Les mémoires d’un pirate (120)

– Alors, on y va sur cette île de Mêlée ? demanda Toothrot.
– Ouais ! criâmes-nous tous en choeur.
– En plus on n’a plus de crème solaire, déclara Otis qui s’était visiblement chopé un sacré coup de soleil.
– C’est ça ton bateau ? demanda inquiète la Reine du Sabre en posant un pied à bord. Il est bon pour la casse !

Carla était dure. Moi je le trouvais pas si mal. Il est certains que lorsqu’on a connu un chef-d’oeuvre tel que le Singe des Mers, on a du mal à s’imaginer flotter dans un tel rafiot.

Toothrot semblait l’avoir fabriqué avec des restes d’épaves. Bon d’accord les énormes trous dans la coque n’étaient guère rassurants, mais vu ces temps difficiles, nous n’avions pas vraiment de quoi faire les fines bouches.

– Ce coucou est peut-être moche à voir, mais il en a dans le ventre, c’est moi qui vous le dis, déclara tout fier son créateur.

Soit le vieux était le plus grand menteur de l’univers… ne cherchez pas, la phrase n’a pas de suite.

– Bon. Allons-y sans plus tarder.

Nous préparâmes ce que nous avions à préparer puis je criai à pleins poumons :
– Larguez les amarres !

Le bateau, par on ne sait quel miracle parvint à partir sans perdre trop de morceaux.
LeChuck… Cette fois tu ne m’échapperais pas !
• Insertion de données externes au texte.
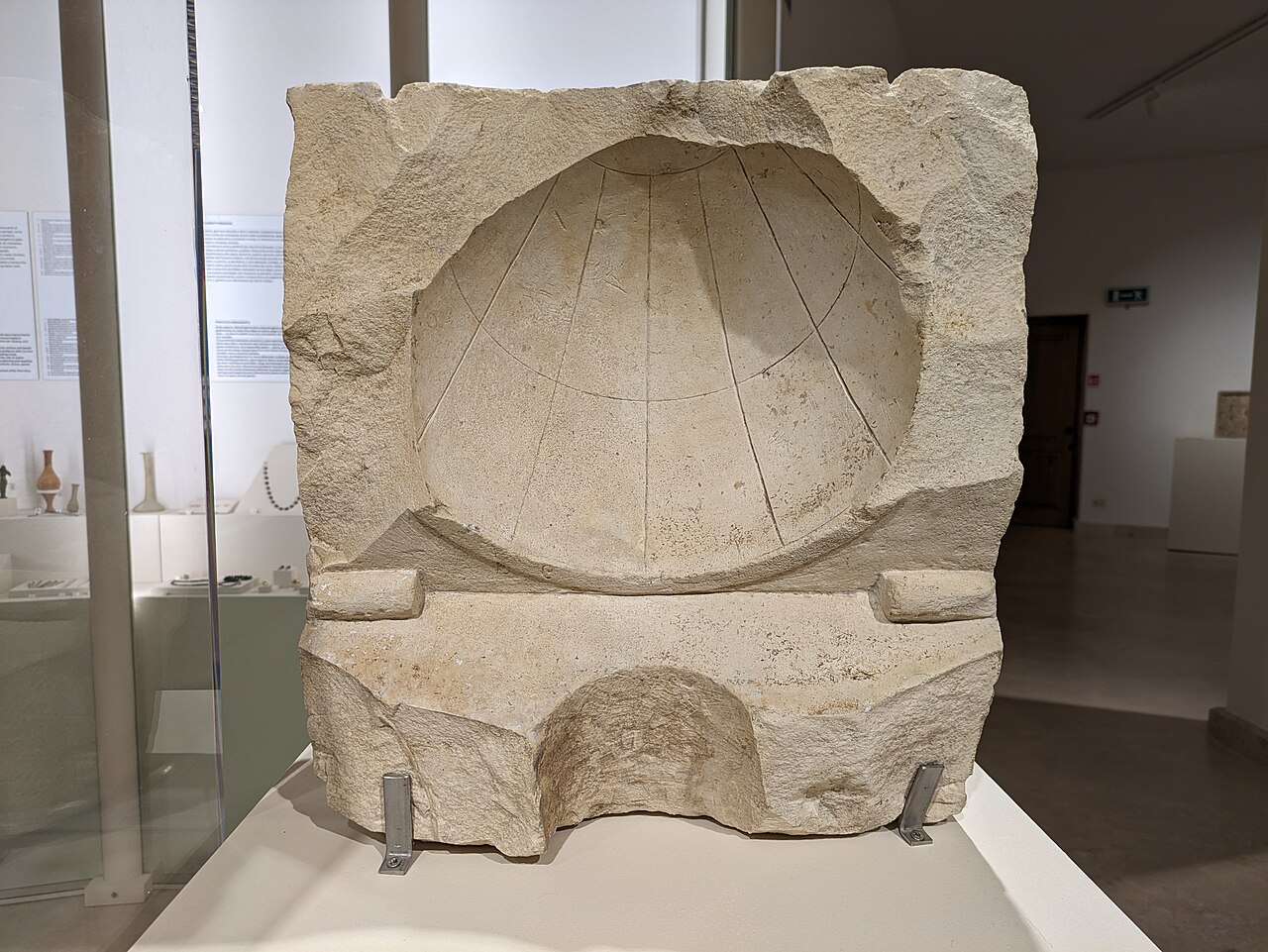 Как ни странно, таких самых простых часов экваториального типа археологи практически не находят. Мне удалось обнаружить уникальное упоминание таких часов, найденных в 2020 году в Херсонесе. На обеих сторонах фрагмента известняковой плитки тонкими гравированными линиями прочерчены радиальные и концентрические линии

– On est parti les enfants ! lança Otis plutôt satisfait.
– Tu es tout rouge, se moqua Meethook.
– Oh, la ferme !

Je jetai un coup d’oeil furtif à l’île aux singes, sans penser que mon lecteur crierait au scandale en constatant que nous n’y étions restés que l’ombre de quatre chapitres. En fait, je quittai ce lieu sans remord, car même si elle m’avait permis de faire des rencontres sympas, je n’oubliais pas que j’avais également risqué de finir dans une casserole, de me calciner dans de la lave en fusion, de me faire étriper par d’immondes spectres, de me faire aussi grignoter par un rat géant, et que mon postérieur avait été exposé à la vue de tous et que d’ailleurs il l’était encore… C’est quand même pas mal pour quatre misérables petits chapitres, je trouve. On ne peut pas dire que je vous aie arnaqué.

– Hé ! hurla soudainement Meethook à la barre. On a oublié Herman sur l’île aux singes !

Ah zut. C’est vrai qu’il m’avait dit de l’attendre parce qu’il avait oublié sa longue-vue… Oups.

– On retourne le chercher ? me demanda Meethook.

Ma décision fut rapide et irrévocable :
– Non. On n’a pas le temps. Et je ne crois pas que cette épave puisse repartir avec succès une seconde fois. On reviendra le chercher une autre fois.

Au fond de moi, j’espérais que la voix du vieux dise tout à coup dans notre dos « mais je suis là ! ». Mais ce ne fut pas le cas. Tant pis. Il devrait passer encore un peu de temps sur son île.